Aug 30, 2005 (Khartoum) — The Sudanese government has authorized its delegation to the next round of Darfur peace talks to conclude an agreement with the rebels, the vice president said Tuesday.
Vice President Ali Osman Mohamed Taha spoke after meetings with the chief African Union mediator in the peace negotiations, Salim Ahmed Salim.
The AU mediates the Darfur talks and maintains some 5,000 peacekeepers in Darfur.
Salim, who also met with President Omar al-Bashir and First Vice President Salva Kiir Mayardit, said he received assurances from them that progress would be made in the sixth round of talks, due to begin Sept. 15 in Abuja, Nigeria.
"The African Union will do its best to see to the success of the coming round of peace talks," Salim said.
Taha, who handles the Darfur file, said the government would enter the talks with the hope that this round would be the final one.
"We do really appreciate efforts exerted by the African Union and the efforts exerted by Dr. Salim in particular for finding a just settlement to this question," Taha said.

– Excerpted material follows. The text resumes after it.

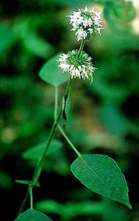 Interesting info This square-stemmed mint has purple-spotted white flowers. The stem and the base of the flowers are very fuzzy or hairy (hirsute).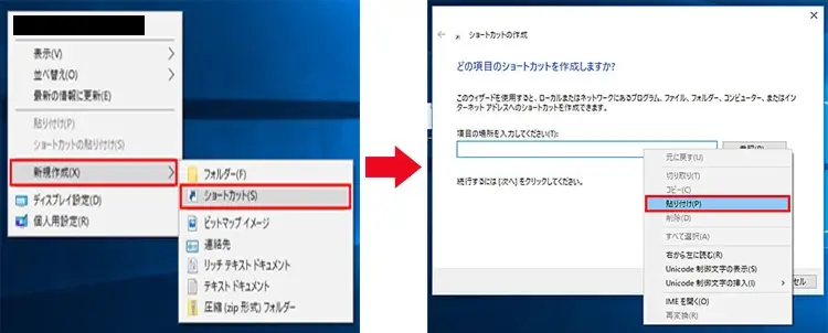 パソコンのショートカットの作成方法は、デスクトップで右クリックをして新規作成を選択します。

Salim stressed that the unrest in Darfur must be resolved not only for peace but also from a humanitarian standpoint.
More than 1.9 million people were forced to flee their homes since the conflict began in February 2003. War-induced hunger and disease have killed more than 180,000 people, according to U.N. estimates.
Salim, who in Khartoum early Tuesday, met with several senior government officials and is due to meet with the EU, Western and African diplomats. He travels Wednesday to Darfur and also plans to visit Chad and Libya, which he said were vital to the AU efforts for reaching a solution to the Darfur question.
He said the AU wants to see an integration of regional and international efforts with its own on trying to reach a solution for Darfur problem.
Salim said peace in Darfur is vital not only to the region but to the whole region and African in general.
In the last round of talks, in early July, the two main rebel groups signed a "declaration of principles" with the Sudanese government, agreeing to broad commitments, including respecting Sudan’s unity and upholding democracy.
The talks were to resume on Aug. 24 but one group, the Sudan Liberation Army, asked for a postponement.